👉 Data Engineering Fundamental Series - Discovery
👉 Data Engineering Fundamental YouTube Video
In the discovery process, we take a look at the data that is available for our analysis. We are using the MTA turnstiles information which is available at this location:
http://web.mta.info/developers/turnstile.html
We can download a single file to take a look at the data structure and make the following observations about the data:
- It is available in weekly batches every Sunday
- The information is audited in blocks of fours hours apart
- The date and time field are on different columns
- The cumulative entries are on the ENTRIES field
- The cumulative exits are on the EXITS field
- This data is audited in blocks of fours hours apart
Name | Description |
---|---|
C/A | Control Area (A002) (Booth) |
UNIT | Remote Unit for a station (R051) |
SCP | Subunit Channel Position represents an specific address for a device (02-00-00) |
STATION | Represents the station name the device is located at |
LINENAME | Represents all train lines that can be boarded at this station. Normally lines are represented by one character. LINENAME 456NQR repersents train server for 4, 5, 6, N, Q, and R trains. |
DIVISION | Represents the Line originally the station belonged to BMT, IRT, or IND |
DATE | Represents the date (MM-DD-YY) |
TIME | Represents the time (hh:mm:ss) for a scheduled audit event |
DESc | Represent the "REGULAR" scheduled audit event (Normally occurs every 4 hours). Audits may occur more that 4 hours due to planning, or troubleshooting activities. Additionally, there may be a "RECOVR AUD" entry: This refers to missed audit that was recovered. |
ENTRIES | The cumulative entry register value for a device |
EXIST | The cumulative exit register value for a device |
The data below shows the entry/exit register values for one turnstile at control area (A002) from 09/27/14 at 00:00 hours to 09/29/14 at 00:00 hours
C/A | UNIT | SCP | STATION | LINENAME | DIVISION | DATE | TIME | DESC | ENTRIES | EXITS |
---|---|---|---|---|---|---|---|---|---|---|
A002 | R051 | 02-00-00 | LEXINGTON AVE | 456NQR | BMT | 09-27-14 | 00:00:00 | REGULAR | 0004800073 | 0001629137 |
A002 | R051 | 02-00-00 | LEXINGTON AVE | 456NQR | BMT | 09-27-14 | 04:00:00 | REGULAR | 0004800125 | 0001629149 |
A002 | R051 | 02-00-00 | LEXINGTON AVE | 456NQR | BMT | 09-27-14 | 08:00:00 | REGULAR | 0004800146 | 0001629162 |
Based on observations, the following conclusions can be made:
- Merge the DATE and TIME columns and create a date time column, CREATED
- The STATION column is a location dimension
- The CREATED column is the datetime dimension to enable the morning and afternoon timeframes
- The ENTRIES column is the measure for entries
- The EXITS column is the measure for exits
- A gate can be identified by using the C/A, SCP and UNIT columns
These observations can be used to define technical requirements that can enable us to deliver a successful project.

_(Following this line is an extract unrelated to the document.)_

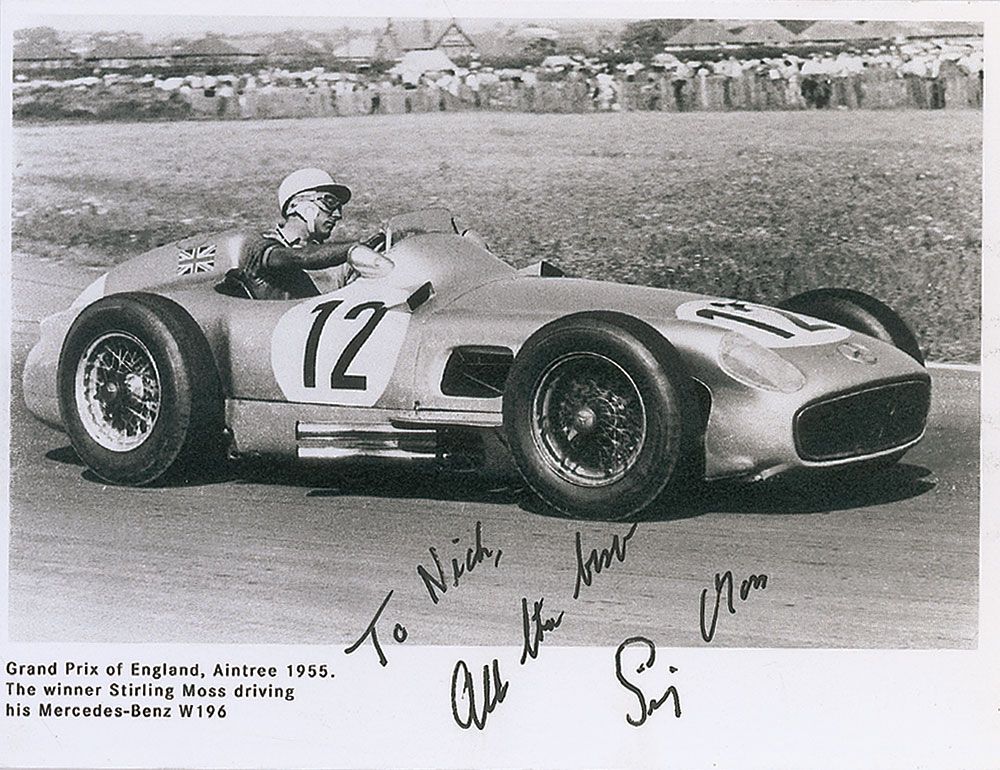 Matte-finish 5.25 x 4 photo of Moss in his car at the Grand Prix of England, signed and inscribed in black ink, “To Nick, All the best, Stirling Moss.” In fine condition, with slightly trimmed edges.
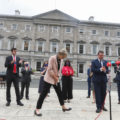 Above from left: Shadow Secretary of State for Northern Ireland Peter Kyle MP, Labour Leader Ivana Bacik, and Leader of the UK Labour Party Keir Starmer walk beside St. Stephen’s Green, during Mr Starmer’s visit to Ireland

- Define the infrastructure requirements to host the technology
- Automate the provisioning of the resources using Terraform
- Deploy the technology on a cloud platform
- Define the data orchestration process
- On the original pipeline, load the initial data for 2023
- Create a data pipeline that runs every week after a new file has been published
- Copy the unstructured CSV files into a Data Lake
- Define a well-structured and optimized model on a Data Warehouse
- Keep the source code for the models under source control
- Copy the data into the Data Warehouse
- Allow access to the Data Warehouse, so visualization tools can consume the data.
- Create Data Analysis dashboard with the following information
- Data Analysis dashboard
- Identify the time slots for morning and afternoon analysis
- Look at the distribution by stations
- Look at the daily models
- Look at the time slot models
- Download a file to look at the data
- This should create a gz file under the ../data folder
$ python3 mta_discovery.py --url http://web.mta.info/developers/data/nyct/turnstile/turnstile_230318.txt
Run the Jupyter notebook (dicovery.ipynb) to do some analysis on the data.
- Load the Jupyter notebook to do analysis
- First start the Jupyter server
$ jupyter notebook
- See the URL on the console and click it to load on the browser
- Click the discovery.ipynb file
- Or open the file with VSCode and enter the URL when prompted from a kernel url
- Click the discovery.ipynb file